| Data provided |
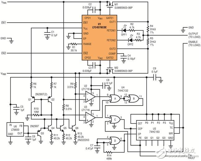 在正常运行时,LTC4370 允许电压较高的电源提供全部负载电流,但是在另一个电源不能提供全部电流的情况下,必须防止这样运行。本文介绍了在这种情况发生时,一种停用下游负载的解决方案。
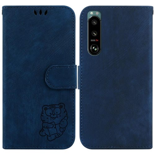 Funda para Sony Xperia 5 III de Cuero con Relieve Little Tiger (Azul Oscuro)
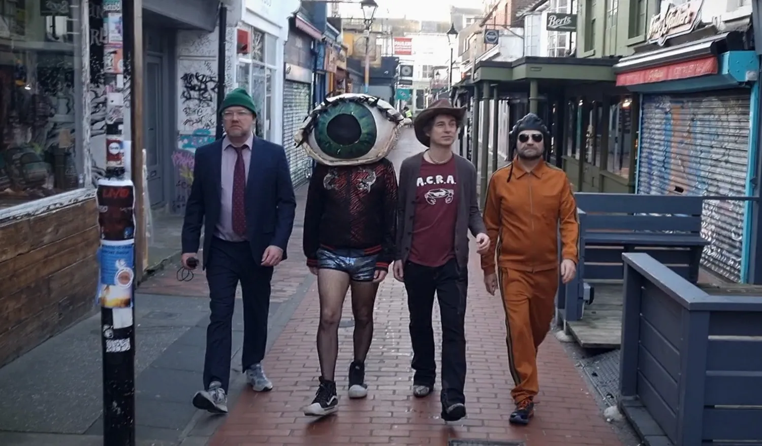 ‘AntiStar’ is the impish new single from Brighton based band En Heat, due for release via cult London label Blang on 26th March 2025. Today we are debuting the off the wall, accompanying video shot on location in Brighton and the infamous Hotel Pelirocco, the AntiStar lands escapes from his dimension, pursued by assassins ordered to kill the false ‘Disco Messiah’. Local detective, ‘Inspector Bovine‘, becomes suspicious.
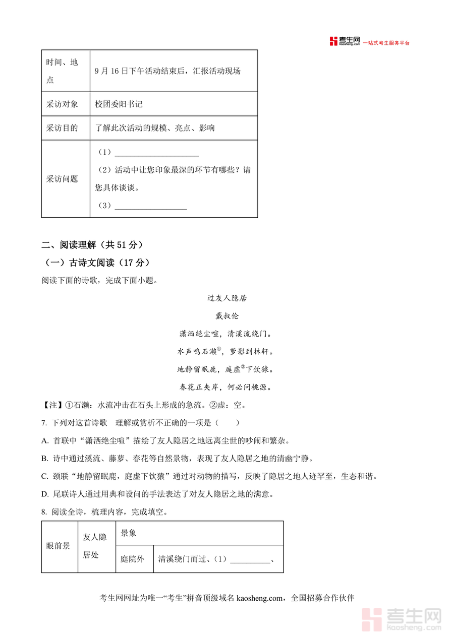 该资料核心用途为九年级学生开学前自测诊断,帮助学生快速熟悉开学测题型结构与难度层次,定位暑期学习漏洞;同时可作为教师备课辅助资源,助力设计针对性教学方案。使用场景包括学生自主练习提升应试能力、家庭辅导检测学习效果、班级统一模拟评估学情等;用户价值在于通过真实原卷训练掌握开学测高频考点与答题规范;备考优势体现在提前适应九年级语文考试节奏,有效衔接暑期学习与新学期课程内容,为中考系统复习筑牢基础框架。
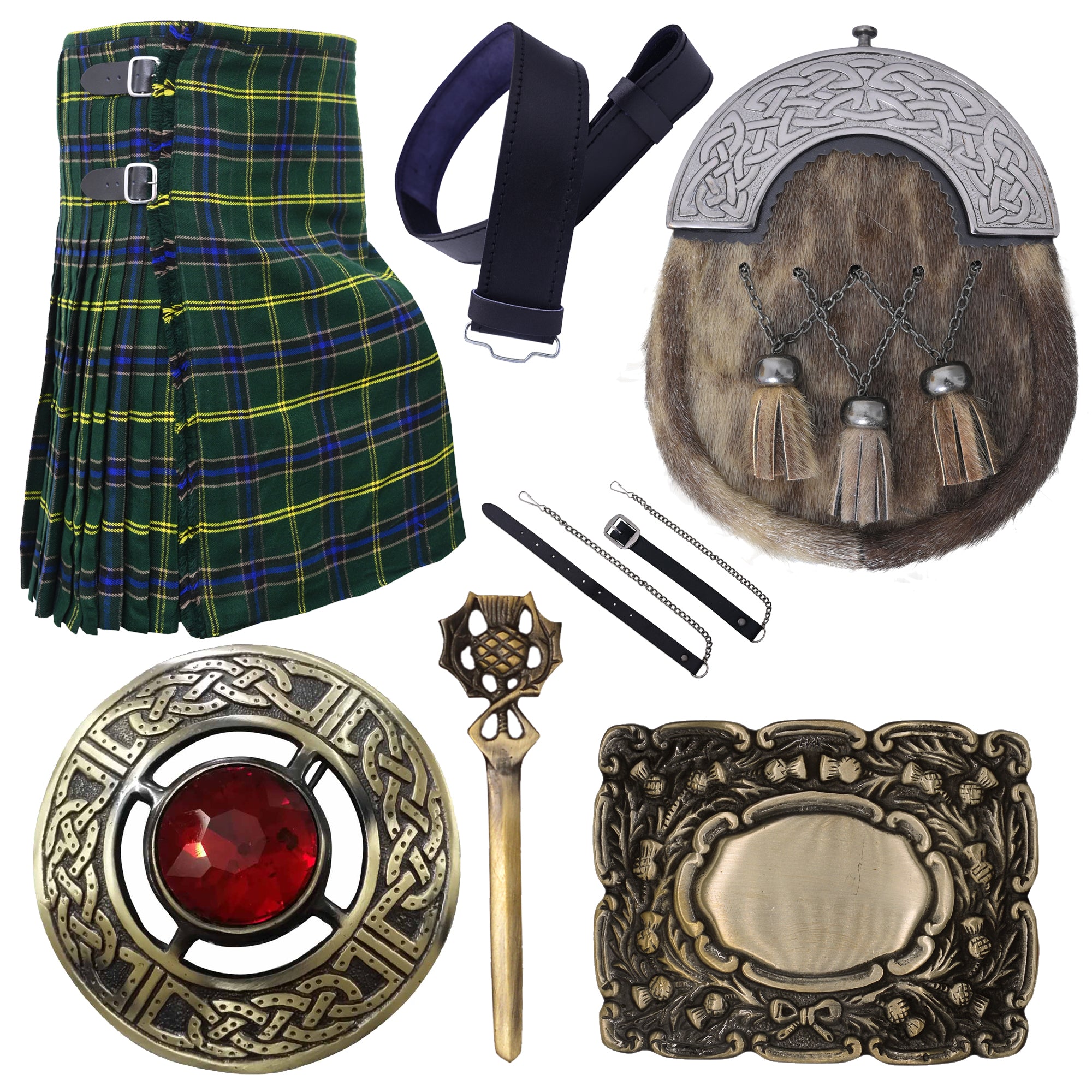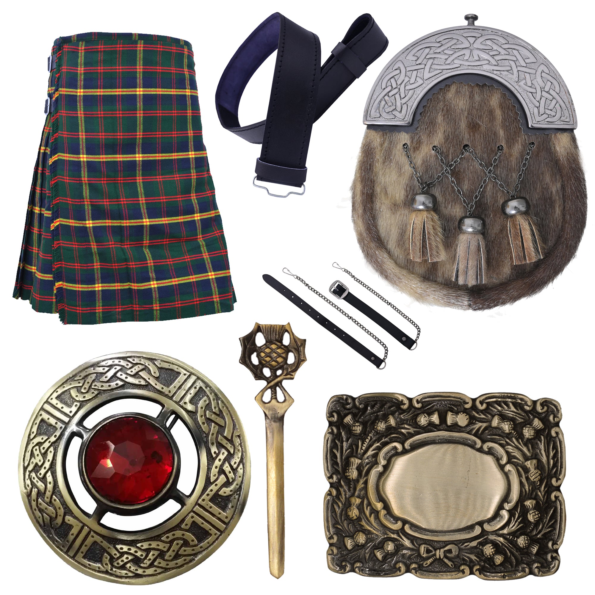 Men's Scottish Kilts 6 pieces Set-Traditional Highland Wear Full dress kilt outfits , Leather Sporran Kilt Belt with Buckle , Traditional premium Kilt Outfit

| About this exercise |
Word for word, reproduce all of the data, but keep out the pictures.

| Solved exercise |
 在正常运行时,LTC4370 允许电压较高的电源提供全部负载电流,但是在另一个电源不能提供全部电流的情况下,必须防止这样运行。本文介绍了在这种情况发生时,一种停用下游负载的解决方案。
 Funda para Sony Xperia 5 III de Cuero con Relieve Little Tiger (Azul Oscuro)
 ‘AntiStar’ is the impish new single from Brighton based band En Heat, due for release via cult London label Blang on 26th March 2025. Today we are debuting the off the wall, accompanying video shot on location in Brighton and the infamous Hotel Pelirocco, the AntiStar lands escapes from his dimension, pursued by assassins ordered to kill the false ‘Disco Messiah’. Local detective, ‘Inspector Bovine‘, becomes suspicious.
 该资料核心用途为九年级学生开学前自测诊断,帮助学生快速熟悉开学测题型结构与难度层次,定位暑期学习漏洞;同时可作为教师备课辅助资源,助力设计针对性教学方案。使用场景包括学生自主练习提升应试能力、家庭辅导检测学习效果、班级统一模拟评估学情等;用户价值在于通过真实原卷训练掌握开学测高频考点与答题规范;备考优势体现在提前适应九年级语文考试节奏,有效衔接暑期学习与新学期课程内容,为中考系统复习筑牢基础框架。
 Men's Scottish Kilts 6 pieces Set-Traditional Highland Wear Full dress kilt outfits , Leather Sporran Kilt Belt with Buckle , Traditional premium Kilt Outfit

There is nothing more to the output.